In July, 1865 Sheridan made his debut at Niblo's Garden, New York in Dion Boucicault's Arrah Na Pouge, playing Beamish McGoul with Thomas Henry Glenney (his American debut) as Shawn the Post, Josephine Orton as Arrah Mellish and Mary Wells playing Katy. When Edwin Forrest began his engagement at Niblo's that September, Sheridan would fill in as his substitute on the actor’s off days. Sheridan later returned as a lead actor to Pike's Opera House until the theatre was consumed by fire in March 1866. Over the following several seasons Sheridan was associated with theatres in St. Louis, Washington D. C., Boston, New Orleans and Philadelphia. In November 1867 he received praise for his interpretation of Captain Hawtree in the T. W. Robertson play Caste at the National Theatre, Washington D. C. By 1870 he was the lead actor at the Chestnut Street Theatre, Philadelphia, and by the early 1870s Sheridan was a member of Edwin Booth's company at Booth's Theatre, New York performing second lead in Shakespearean tragedies.

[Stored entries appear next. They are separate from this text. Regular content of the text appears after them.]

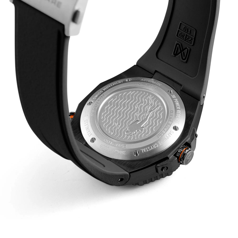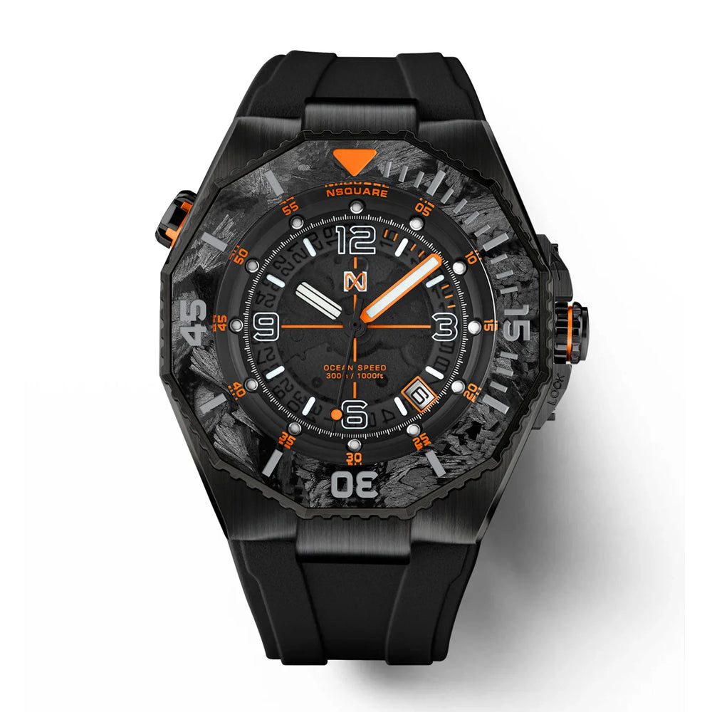 The NSquare Ocean Speed Diver NS27.1 brings Swiss precision to aquatic adventures and everyday exploration. Built with a robust black rubber strap designed to withstand water exposure and demanding conditions, this diver's watch combines technical capability with refined styling. The Ocean Speed collection represents NSquare's commitment to creating timepieces that perform under pressure while maintaining elegant proportions. Whether you're timing laps in the pool or navigating your professional day, the NS27.1 delivers reliable accuracy and durability. Its water-resistant construction and premium materials make it an investment in a watch that truly goes the distance. A trusted companion for those who demand both performance and sophistication.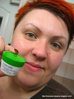 Na całą twarz nakładam swój ulubiony krem (BANDI Krem z kwasem pirogronowym, azelainowym i salicylowym (80 zł/50 ml)). Ten z kwasami dodatkowo jeszcze wygładzi moją twarz.
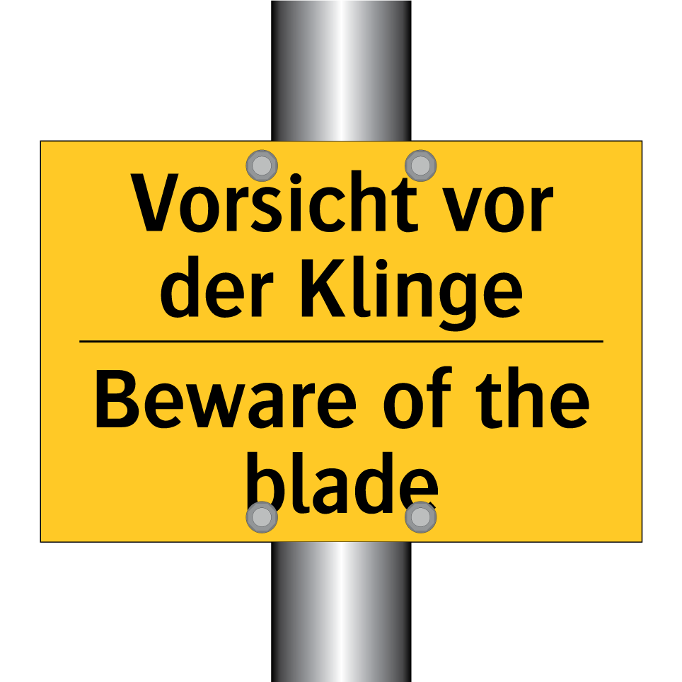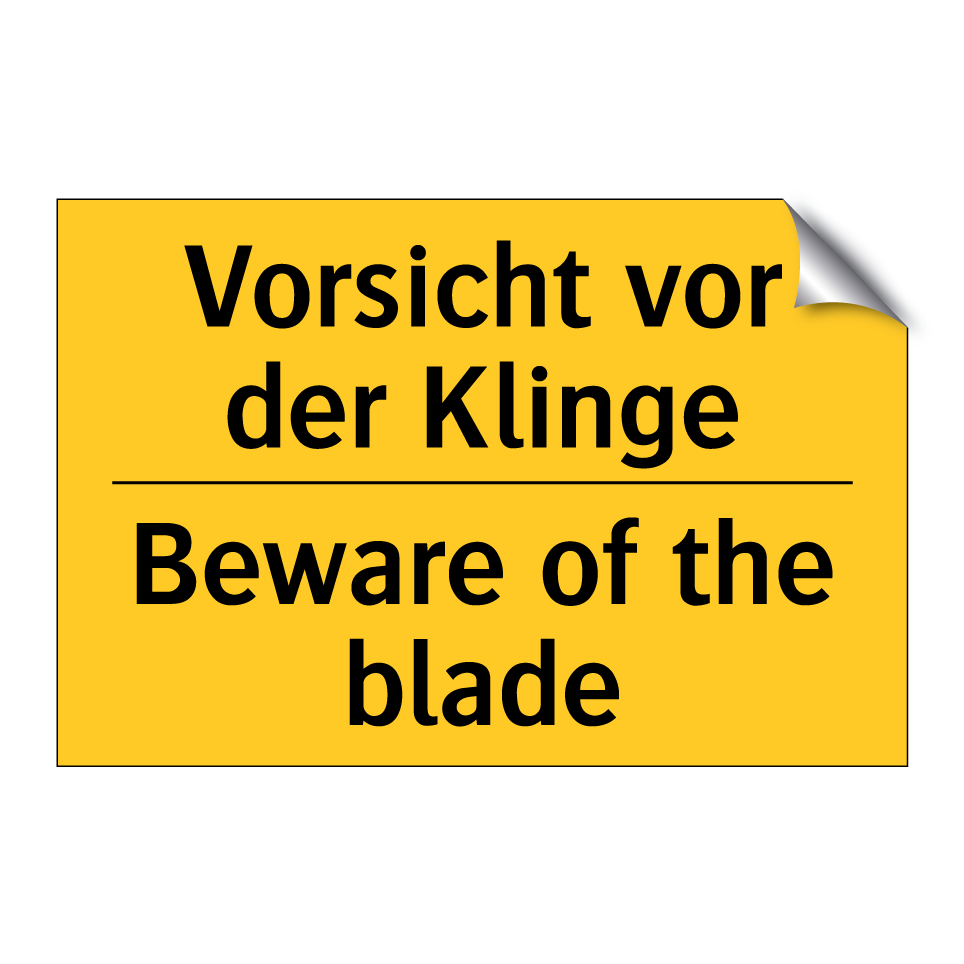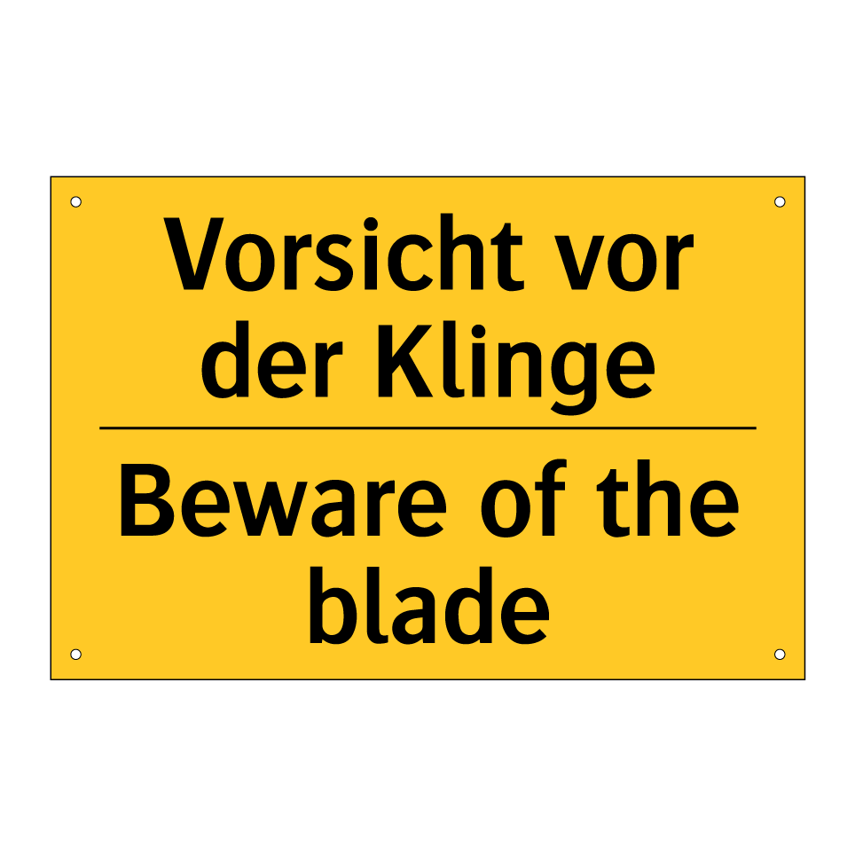 Zweisprachiges Warnschild mit deutschem Text Vorsicht vor der Klinge und englischem Text Beware of the blade

Sheridan toured with stock companies headed by the comedian John T. Raymond, actress Julia Dean and British actors Mr. and Mrs. Rousby (William Wybert Rousby and Clara Marion Jesse Dowse). and had played the leading man opposite actresses Lucille Western, Charlotte Thompson (1843-1898), Adele Belgarde (d. 1938, mother of film director David Butler) and had appeared in England with McKee and Kitty Rankin playing The Parson in Joaquin Miller's The Danites in the Sierras.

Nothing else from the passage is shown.